Aim of the exercise ▸
In the answer, give the entries below exactly, from the first line through the line with "Banh Khot is", with every picture omitted.
● ● ● ●
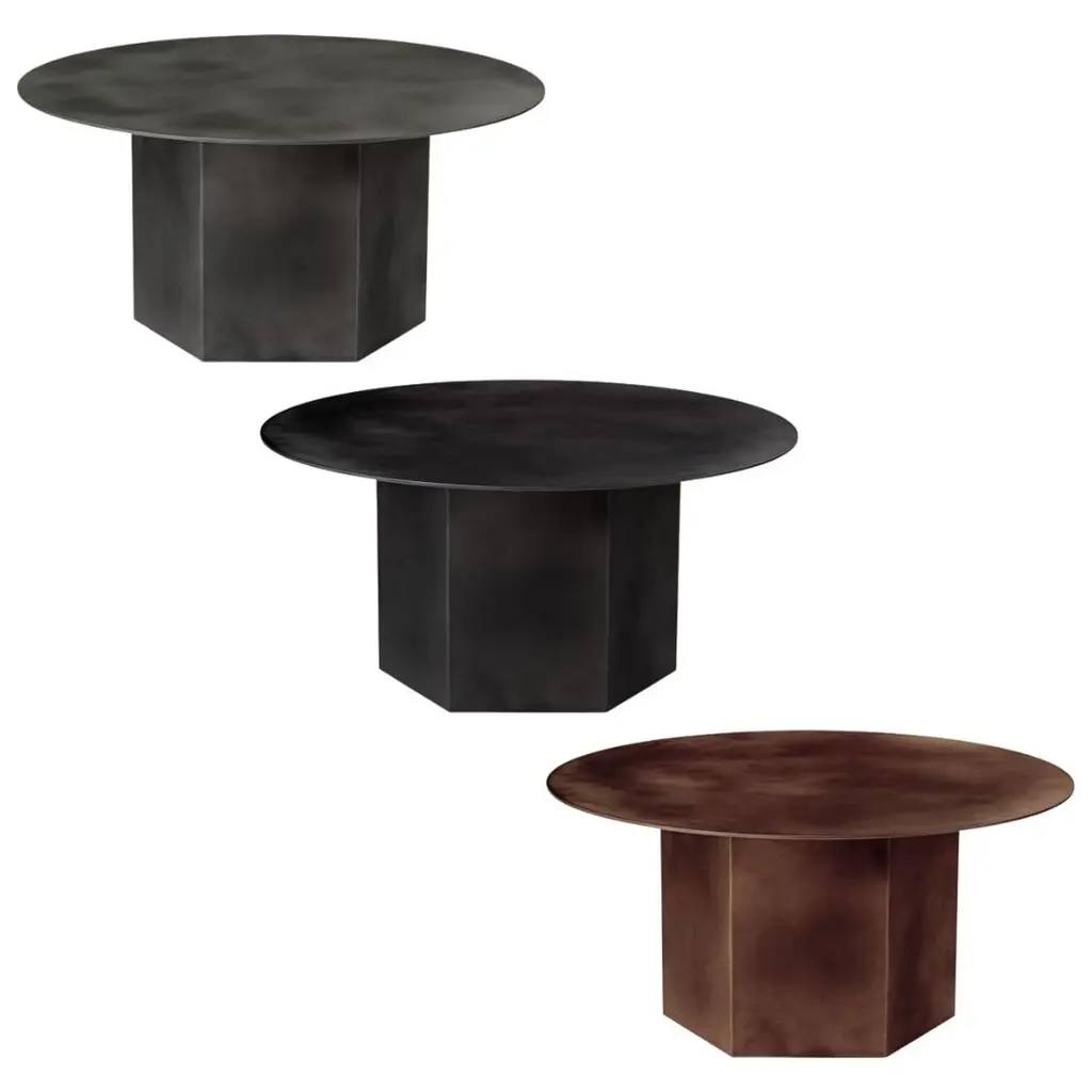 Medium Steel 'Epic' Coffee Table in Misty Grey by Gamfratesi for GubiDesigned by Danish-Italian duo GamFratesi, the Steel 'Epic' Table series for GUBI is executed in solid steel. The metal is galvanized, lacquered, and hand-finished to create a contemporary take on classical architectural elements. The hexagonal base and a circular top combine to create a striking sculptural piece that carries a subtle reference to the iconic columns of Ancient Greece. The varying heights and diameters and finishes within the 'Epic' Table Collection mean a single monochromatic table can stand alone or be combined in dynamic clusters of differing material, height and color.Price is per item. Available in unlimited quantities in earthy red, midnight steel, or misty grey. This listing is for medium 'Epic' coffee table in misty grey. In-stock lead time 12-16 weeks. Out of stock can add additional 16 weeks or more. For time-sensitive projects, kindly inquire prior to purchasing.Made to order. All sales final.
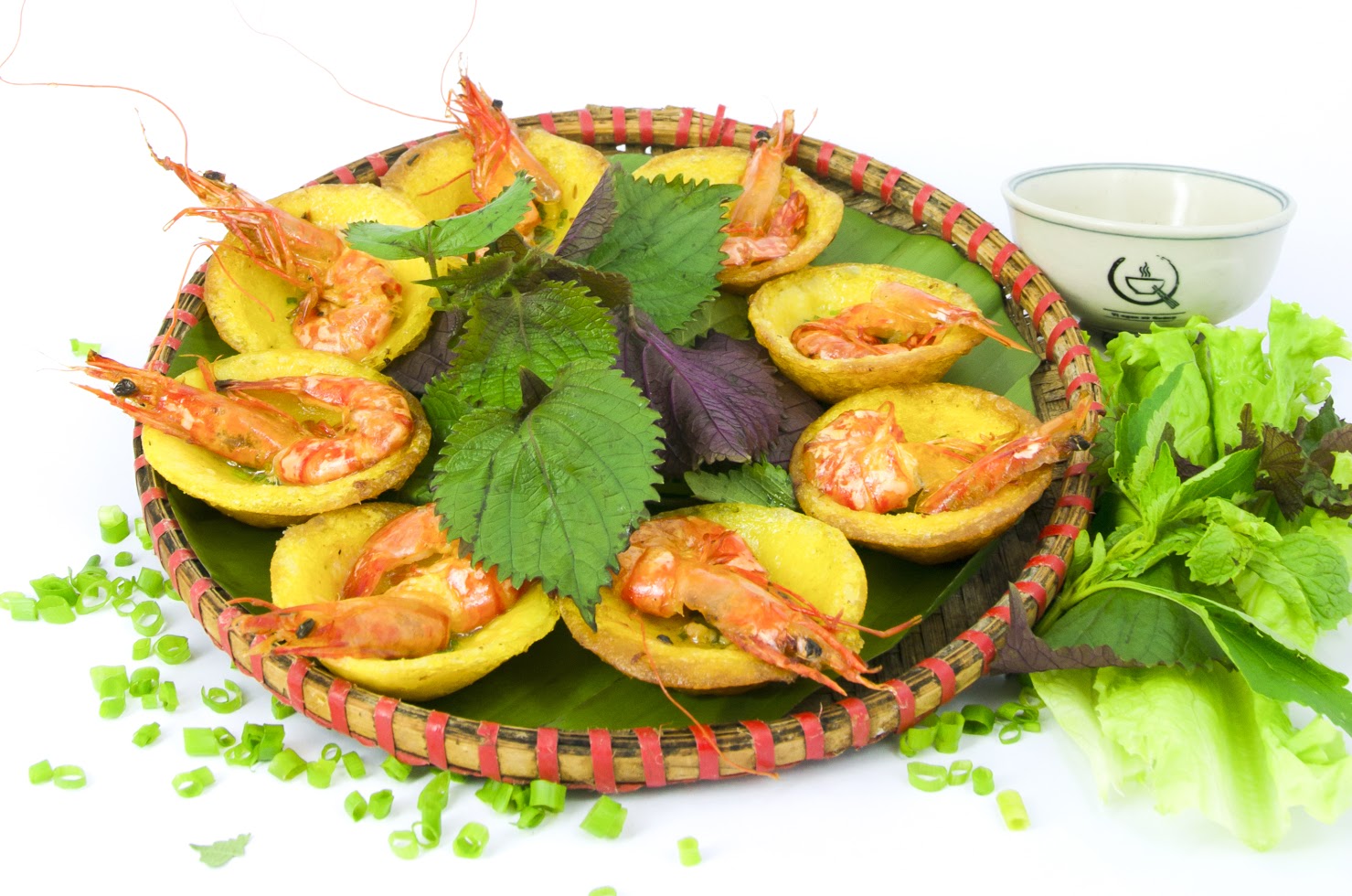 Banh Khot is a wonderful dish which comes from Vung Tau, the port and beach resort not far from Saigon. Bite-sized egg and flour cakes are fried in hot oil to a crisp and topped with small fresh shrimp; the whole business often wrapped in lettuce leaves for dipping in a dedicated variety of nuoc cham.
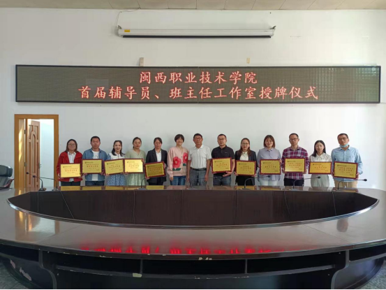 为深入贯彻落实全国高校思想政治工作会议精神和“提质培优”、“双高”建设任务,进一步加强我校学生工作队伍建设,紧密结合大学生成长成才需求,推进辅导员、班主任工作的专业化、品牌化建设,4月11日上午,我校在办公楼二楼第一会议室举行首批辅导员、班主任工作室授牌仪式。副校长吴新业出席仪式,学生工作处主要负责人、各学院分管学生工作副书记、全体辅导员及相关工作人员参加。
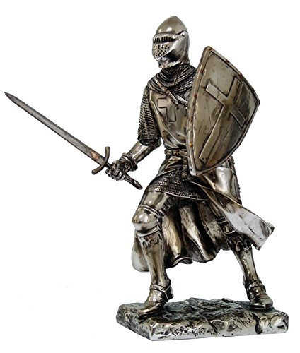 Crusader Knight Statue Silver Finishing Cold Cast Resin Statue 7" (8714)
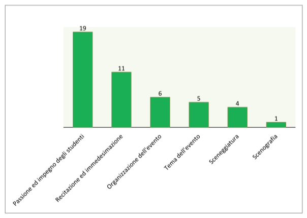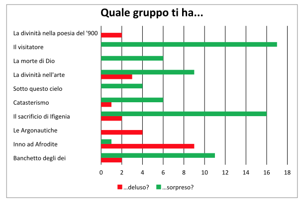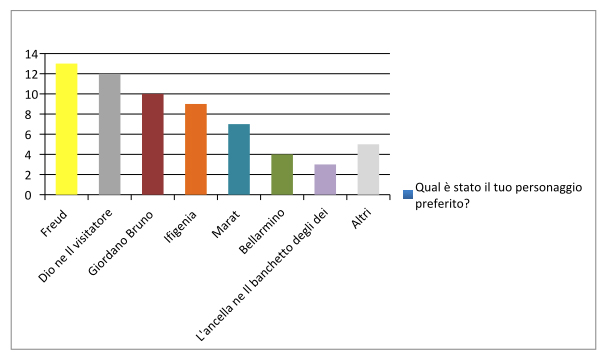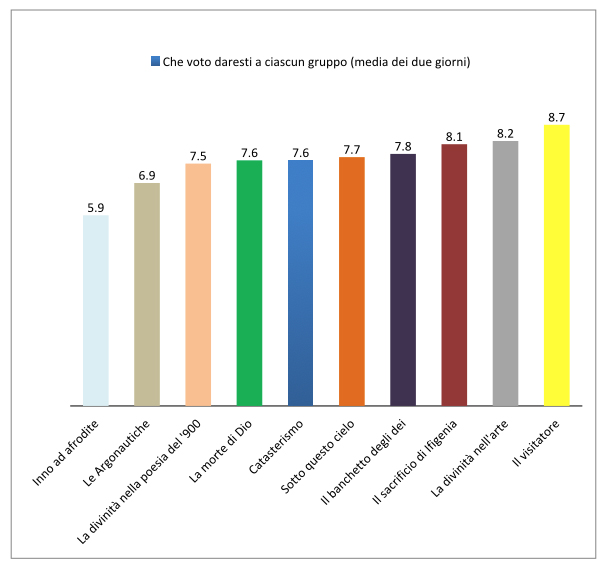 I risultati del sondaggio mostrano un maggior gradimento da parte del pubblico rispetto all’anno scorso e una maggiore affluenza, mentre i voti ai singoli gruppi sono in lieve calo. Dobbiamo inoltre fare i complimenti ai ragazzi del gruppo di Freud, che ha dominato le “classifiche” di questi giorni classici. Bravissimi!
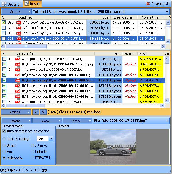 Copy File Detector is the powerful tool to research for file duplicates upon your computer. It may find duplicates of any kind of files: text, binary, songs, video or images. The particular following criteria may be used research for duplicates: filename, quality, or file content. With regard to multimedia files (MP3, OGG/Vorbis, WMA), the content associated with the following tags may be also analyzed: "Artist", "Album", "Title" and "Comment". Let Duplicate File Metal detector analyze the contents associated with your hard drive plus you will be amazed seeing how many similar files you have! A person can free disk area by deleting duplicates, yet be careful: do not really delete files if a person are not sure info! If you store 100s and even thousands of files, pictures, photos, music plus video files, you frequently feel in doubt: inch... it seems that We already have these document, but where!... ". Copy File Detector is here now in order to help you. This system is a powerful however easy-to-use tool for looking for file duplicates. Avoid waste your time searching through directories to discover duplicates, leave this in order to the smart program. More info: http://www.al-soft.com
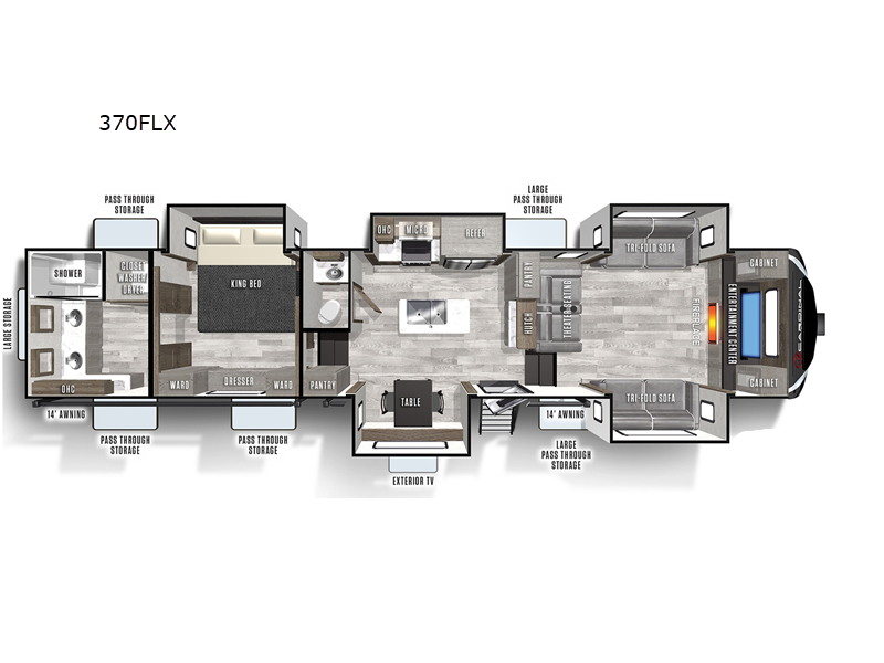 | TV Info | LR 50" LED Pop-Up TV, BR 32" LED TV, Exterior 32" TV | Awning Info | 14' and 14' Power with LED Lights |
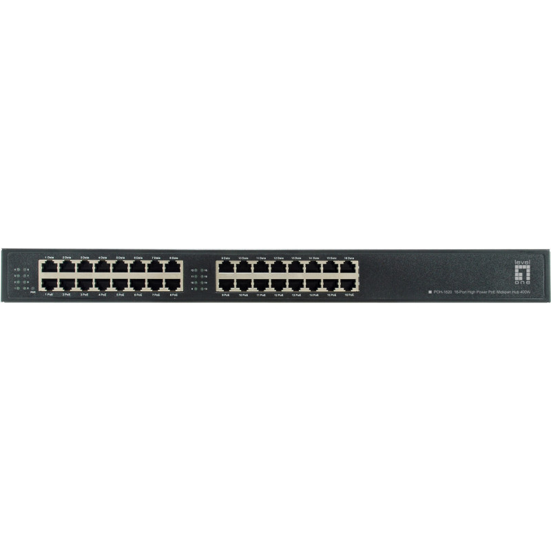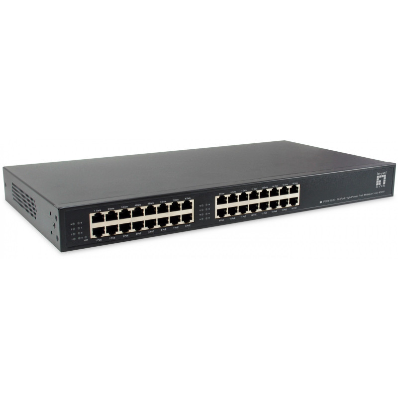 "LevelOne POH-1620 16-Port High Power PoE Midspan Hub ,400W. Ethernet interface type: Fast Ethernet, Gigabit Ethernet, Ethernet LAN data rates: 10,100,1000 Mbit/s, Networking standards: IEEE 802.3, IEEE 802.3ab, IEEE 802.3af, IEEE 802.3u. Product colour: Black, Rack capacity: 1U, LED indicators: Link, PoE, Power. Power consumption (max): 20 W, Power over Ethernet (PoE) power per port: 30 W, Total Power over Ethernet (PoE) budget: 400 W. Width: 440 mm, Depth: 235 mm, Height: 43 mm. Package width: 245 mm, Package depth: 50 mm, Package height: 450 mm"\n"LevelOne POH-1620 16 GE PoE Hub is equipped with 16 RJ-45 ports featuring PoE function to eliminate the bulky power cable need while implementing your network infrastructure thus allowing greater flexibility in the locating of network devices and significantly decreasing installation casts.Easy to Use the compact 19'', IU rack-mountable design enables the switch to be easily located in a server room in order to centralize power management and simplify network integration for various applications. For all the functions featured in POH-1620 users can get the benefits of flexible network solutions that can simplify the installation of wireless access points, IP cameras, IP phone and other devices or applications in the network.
● ● ● ●
Response box ▸
 Medium Steel 'Epic' Coffee Table in Misty Grey by Gamfratesi for GubiDesigned by Danish-Italian duo GamFratesi, the Steel 'Epic' Table series for GUBI is executed in solid steel. The metal is galvanized, lacquered, and hand-finished to create a contemporary take on classical architectural elements. The hexagonal base and a circular top combine to create a striking sculptural piece that carries a subtle reference to the iconic columns of Ancient Greece. The varying heights and diameters and finishes within the 'Epic' Table Collection mean a single monochromatic table can stand alone or be combined in dynamic clusters of differing material, height and color.Price is per item. Available in unlimited quantities in earthy red, midnight steel, or misty grey. This listing is for medium 'Epic' coffee table in misty grey. In-stock lead time 12-16 weeks. Out of stock can add additional 16 weeks or more. For time-sensitive projects, kindly inquire prior to purchasing.Made to order. All sales final.
 Banh Khot is a wonderful dish which comes from Vung Tau, the port and beach resort not far from Saigon. Bite-sized egg and flour cakes are fried in hot oil to a crisp and topped with small fresh shrimp; the whole business often wrapped in lettuce leaves for dipping in a dedicated variety of nuoc cham.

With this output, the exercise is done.